▶ _INPUT DATA_:
__________

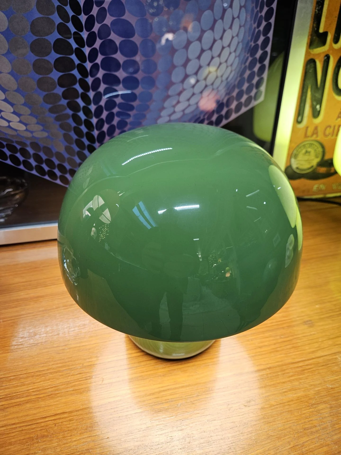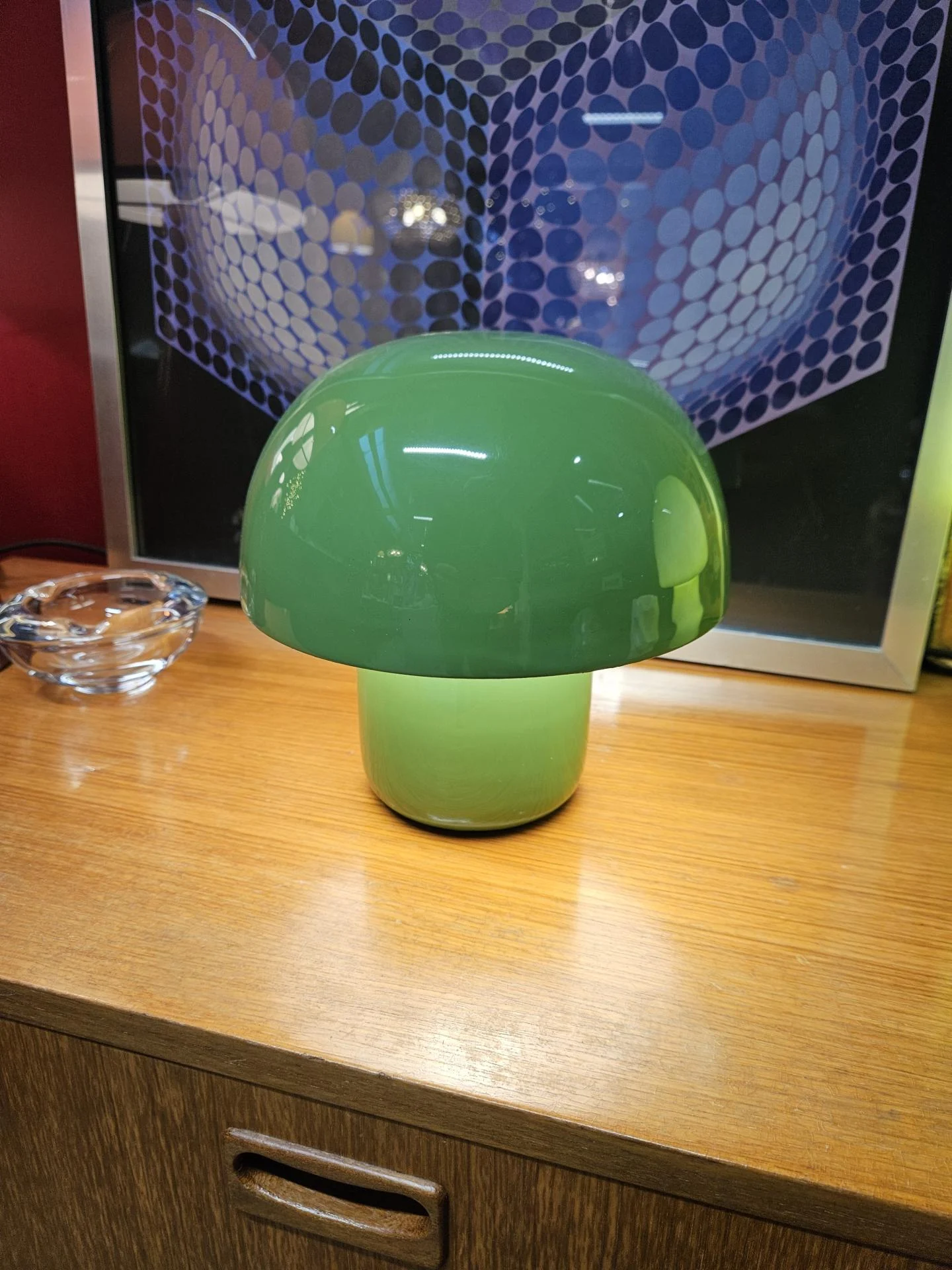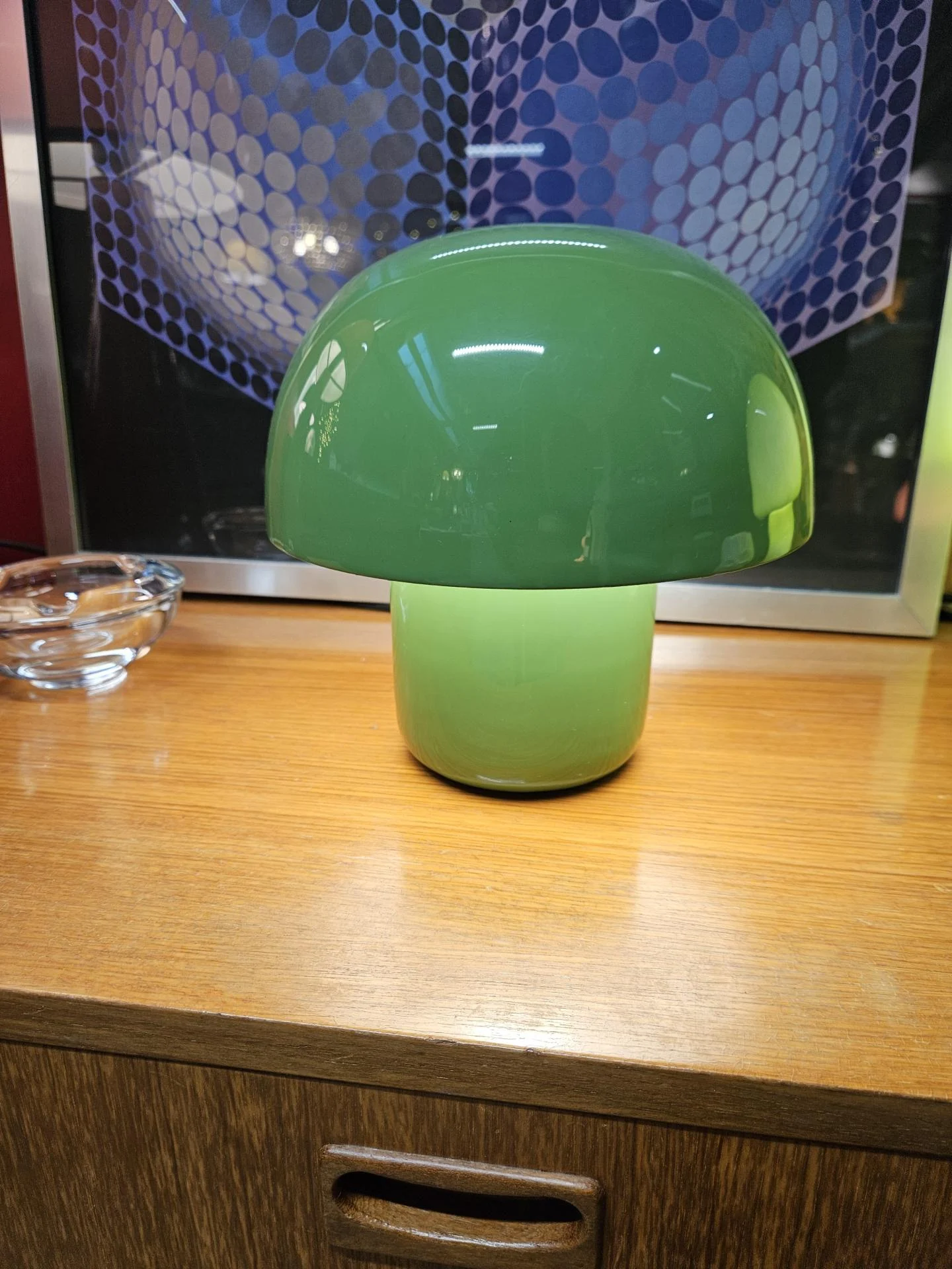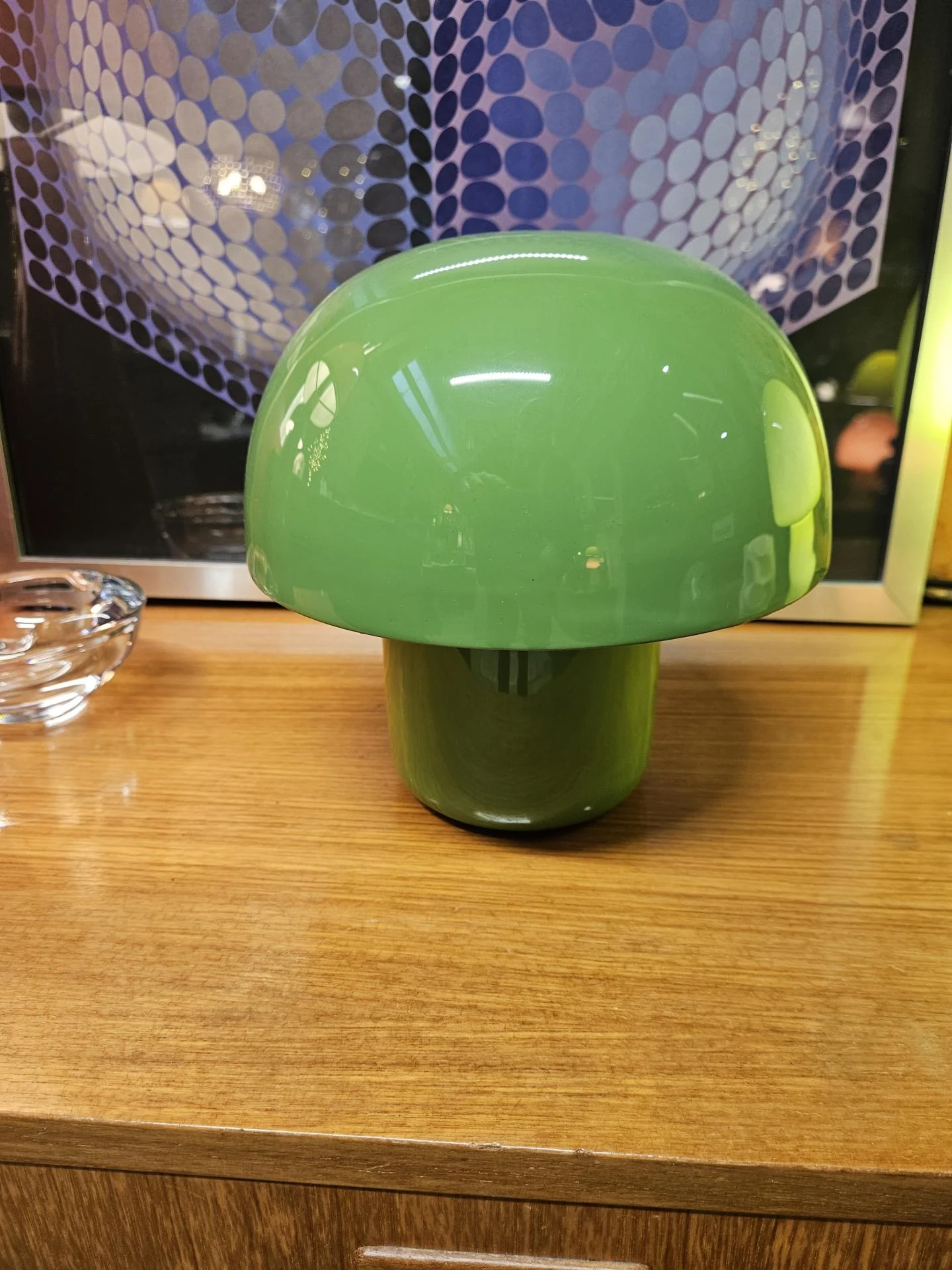 Lampe à poser champignon en métal laqué vert. Superbe pour créer une belle ambiance dans une chambre d'enfance ou pour un salon pop vintage. Hauteur 20 cm - Diamètre 18 cm.
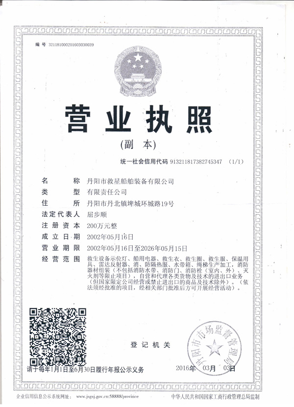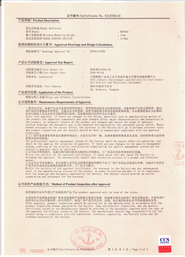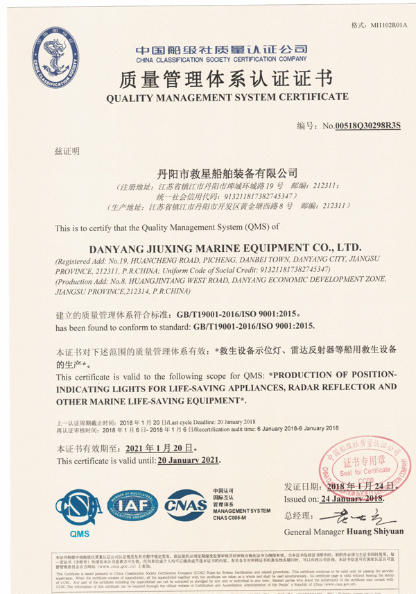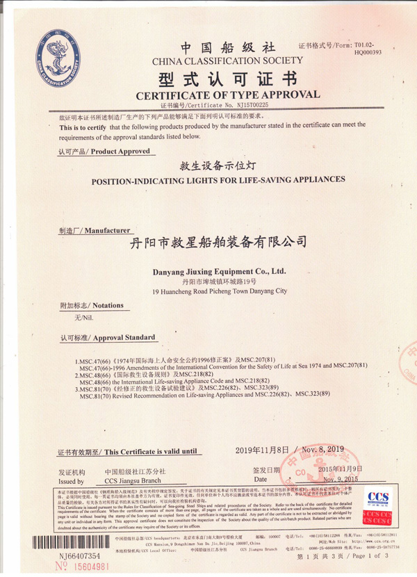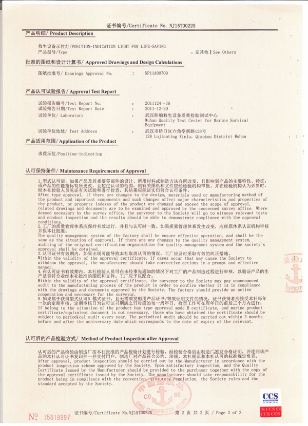 丹陽市救星船舶裝備有限公司為丹陽市船舶救生照明設(shè)備廠子公司,主要生產(chǎn)救生設(shè)備示位燈、雷達反射器、引航員軟梯、登乘梯等產(chǎn)品。其中救生設(shè)備示位燈采用國際上最先進的科學(xué)技術(shù)、生產(chǎn)工藝,優(yōu)質(zhì)材料制造,各項技術(shù)指標超過國際先進水平,完全滿足國際最新標準。2012年元月取得“CCS”型式認可證書,并具有歐共體“EC”證書。另外本公司制造的RDF400雷達反射器還獲得了實用新型專利。
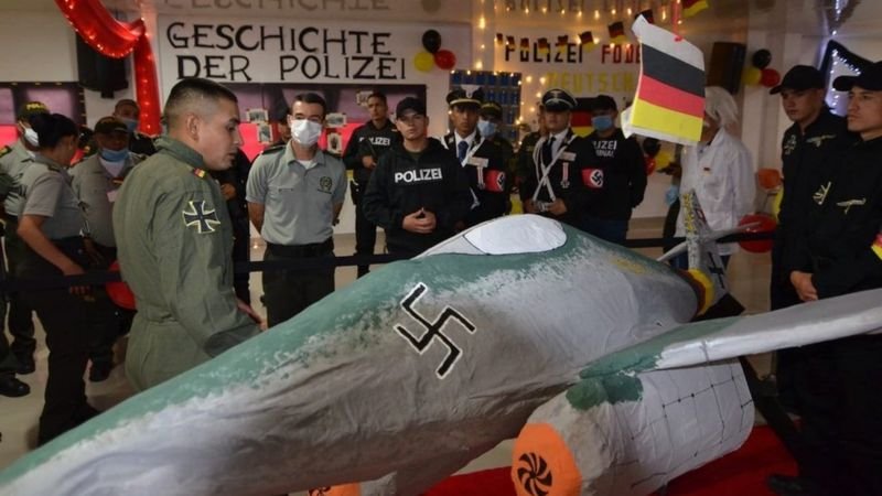 Algunos cadetes de la escuela vistieron uniformes nazis, mientras que en un salón fueron desplegadas banderas alemanas, símbolos como la esvástica y letreros en alemán como uno que decía «Historia de la policía».
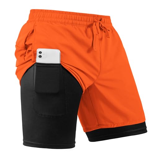 Click for More Images [2 in 1 design & High-quality fabric]: this product has two layers, using a mixture of polyester and spandex fabric, the inner lining layer fits snugly and is breathable, sweat-absorbent and quick-drying, lightweight and...

__________

▶ _WHAT THE TASK ASKS_: Could you print the listing above word for word, without its pictures?

▶ _ANSWER BOX_:
 Lampe à poser champignon en métal laqué vert. Superbe pour créer une belle ambiance dans une chambre d'enfance ou pour un salon pop vintage. Hauteur 20 cm - Diamètre 18 cm.
 丹陽市救星船舶裝備有限公司為丹陽市船舶救生照明設(shè)備廠子公司,主要生產(chǎn)救生設(shè)備示位燈、雷達反射器、引航員軟梯、登乘梯等產(chǎn)品。其中救生設(shè)備示位燈采用國際上最先進的科學(xué)技術(shù)、生產(chǎn)工藝,優(yōu)質(zhì)材料制造,各項技術(shù)指標超過國際先進水平,完全滿足國際最新標準。2012年元月取得“CCS”型式認可證書,并具有歐共體“EC”證書。另外本公司制造的RDF400雷達反射器還獲得了實用新型專利。
 Algunos cadetes de la escuela vistieron uniformes nazis, mientras que en un salón fueron desplegadas banderas alemanas, símbolos como la esvástica y letreros en alemán como uno que decía «Historia de la policía».
 Click for More Images [2 in 1 design & High-quality fabric]: this product has two layers, using a mixture of polyester and spandex fabric, the inner lining layer fits snugly and is breathable, sweat-absorbent and quick-drying, lightweight and...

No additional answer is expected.